╭─ THE DATA

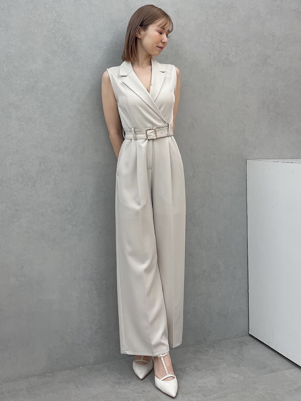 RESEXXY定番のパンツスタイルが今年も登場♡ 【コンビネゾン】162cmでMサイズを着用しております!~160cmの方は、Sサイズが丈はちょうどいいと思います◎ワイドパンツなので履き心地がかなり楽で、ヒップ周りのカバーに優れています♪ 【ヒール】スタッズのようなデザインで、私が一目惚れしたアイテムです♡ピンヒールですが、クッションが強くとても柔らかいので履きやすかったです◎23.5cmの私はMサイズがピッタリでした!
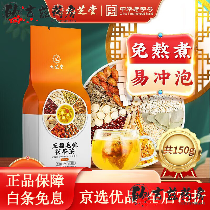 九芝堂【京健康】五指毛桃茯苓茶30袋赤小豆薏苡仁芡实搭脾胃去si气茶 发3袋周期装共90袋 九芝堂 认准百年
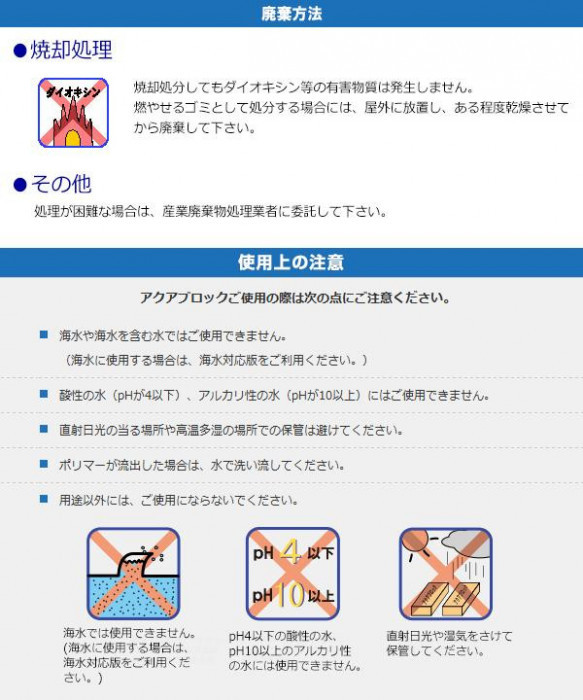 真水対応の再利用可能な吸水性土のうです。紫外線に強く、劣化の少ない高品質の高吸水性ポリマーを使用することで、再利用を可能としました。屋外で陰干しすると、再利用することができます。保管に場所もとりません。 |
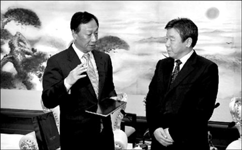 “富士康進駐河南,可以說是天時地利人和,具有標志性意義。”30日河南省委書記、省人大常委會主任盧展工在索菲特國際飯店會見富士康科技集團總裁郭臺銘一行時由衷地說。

╰─
╭─ THE DATA

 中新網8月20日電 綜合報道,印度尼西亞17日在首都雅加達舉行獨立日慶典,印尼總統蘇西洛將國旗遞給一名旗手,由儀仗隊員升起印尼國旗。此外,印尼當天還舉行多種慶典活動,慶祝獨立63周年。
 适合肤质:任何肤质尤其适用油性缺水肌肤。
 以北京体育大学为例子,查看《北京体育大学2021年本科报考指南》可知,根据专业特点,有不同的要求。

╰─

• **WORK TO COMPLETE**:
Could you restate word for word the lines above from the one containing "适合肤质:任何肤质尤其适用油性缺水肌肤。" through the one containing "以北京体育大学为例子,查看《", both included, and nothing else?

• **RESULT OF THIS EXERCISE**:
 适合肤质:任何肤质尤其适用油性缺水肌肤。
 以北京体育大学为例子,查看《北京体育大学2021年本科报考指南》可知,根据专业特点,有不同的要求。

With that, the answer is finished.